Tuesday, August 9, 2011

What Does debts rating means?

Only 13 countries in the world have an AAA and stable rating, among them Switzerland, Hong Kong, Britain and Australia. Malaysia is rated A- and stable while Spain is rated AA and negative. Only four (non-financial) companies in the US still have an AAA credit rating: Automatic Data Processing, Exxon Mobil, Johnson & Johnson and Microsoft. These ratings, rooted in a certain conservatism, have become more of an economic straightjacket than an actual path for progress. They are there to maintain the status quo. To keep both companies and countries in check, to maintain a certain level of certainty and reliability.

For Standard & Poor's, making the call is a reaffirmation of their relevance. In that they could not just make the threat and then not follow through. How would that look? It was a power play. It was them telling America to get its act together, to sort out its politics or face further downgrades. It was them seeing just how far they could stretch their influence. It was them grasping for some kind of independence. Especially when one is in a pay-to-play relationship with those they are rating. This downgrade is more than just a warning to American politicians, it is Standard and Poor's acknowledgement of an inevitable shift in the global balance of economic power.

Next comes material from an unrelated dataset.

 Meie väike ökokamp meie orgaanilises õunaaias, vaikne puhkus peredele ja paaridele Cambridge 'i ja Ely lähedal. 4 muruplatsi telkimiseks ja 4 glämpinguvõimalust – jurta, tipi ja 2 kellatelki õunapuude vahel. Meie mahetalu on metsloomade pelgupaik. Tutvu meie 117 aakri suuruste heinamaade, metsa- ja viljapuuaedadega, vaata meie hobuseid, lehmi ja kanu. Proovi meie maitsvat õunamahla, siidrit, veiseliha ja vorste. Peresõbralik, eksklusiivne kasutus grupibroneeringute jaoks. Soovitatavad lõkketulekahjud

For America, their reaction to the downgrade will ultimately determine what it means. Because they could very well ignore Standard & Poor's and just carry on with business as usual. They could underplay their influence (much like they do from time to time with other institutions like the United Nations), thereby making the world choose between them and the ratings agencies.

For the politicians, America losing its coveted AAA rating is a blow to national pride, which, ironically, could turn out to be more damaging for President Barack Obama than any increase in interest rates and borrowing costs. For it has emboldened the Right who, for the moment, seem to have conveniently forgotten that it was their rampantly out-of-control spending over the past decade that resulted in America's dire straits. Their statements, from John Boehner's denigration of Washington's spending habits to Michelle Bachmann's call for Timothy Geithner's resignation, smack of electioneering and political leveraging rather than providing any actual insight or constructive criticism. In fact, it displays such a lack of self awareness that it borders on the ridiculous.

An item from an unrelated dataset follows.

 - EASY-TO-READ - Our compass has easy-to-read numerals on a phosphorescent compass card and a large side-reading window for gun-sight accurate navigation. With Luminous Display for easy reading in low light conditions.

For China, it was a coming out party. The Xinhua news agency reported: "China, the largest creditor of the world's sole superpower, has every right now to demand the US to address its structural debt problems and ensure the safety of China's dollar assets. To cure its addiction to debt, the US has to re-establish the common sense principle that one should live within its means."

It was an unprecedented statement. Why? Because friends and allies don't tell each other off. Despite how much money they owe you. This was the opportunity that China was waiting for. To test the waters. To make a leadership statement. To see how the world reacts.

The silver lining in all of this is that such a downgrade may just be what America needs to kick start a proper conversation about fiscal policy. To go beyond the ideologies of Right and Left, and maybe find an alternative. Because what they're doing now clearly isn't working. Because what they need is a new discourse on spending. Because what they need is a more intelligent tax policy.